• **Work to be completed**:
In the copy you make, keep each entry exactly as it is and leave out all images.

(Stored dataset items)
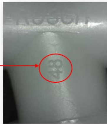
Figura 1 - Connettore Cobb
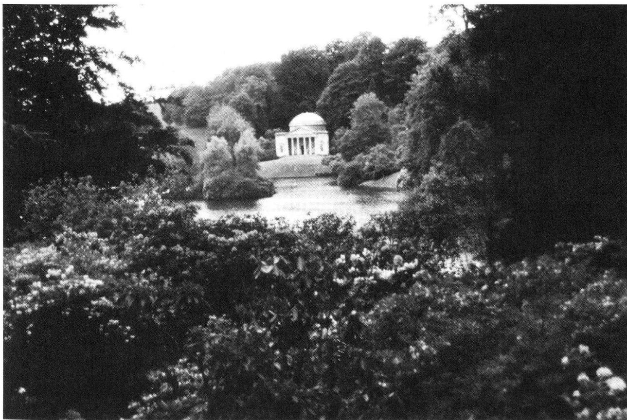
Parc romantique de Stourhead, Wiltshire: Tableau – Surprise sur le Panthéon.

P.s. Toute personne désirant visiter ou avoir des précisions sur ces jardins peut contacter l'auteur: G. Biaggi, Av. Charles-Secrétan 25, 1005 Lausanne.
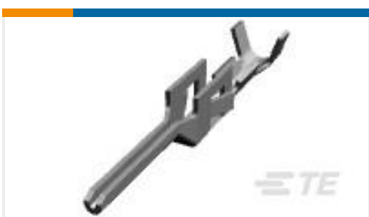
TE 产品编号1-794613-2 PIN CONT 26-30 30 GOLD L/P
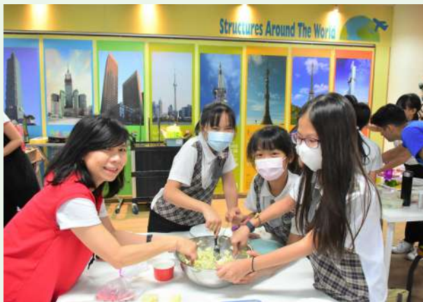
學習製作馬鈴薯泥

• **Exercise output**:
Figura 1 - Connettore Cobb
Parc romantique de Stourhead, Wiltshire: Tableau – Surprise sur le Panthéon.

P.s. Toute personne désirant visiter ou avoir des précisions sur ces jardins peut contacter l'auteur: G. Biaggi, Av. Charles-Secrétan 25, 1005 Lausanne.
TE 产品编号1-794613-2 PIN CONT 26-30 30 GOLD L/P
學習製作馬鈴薯泥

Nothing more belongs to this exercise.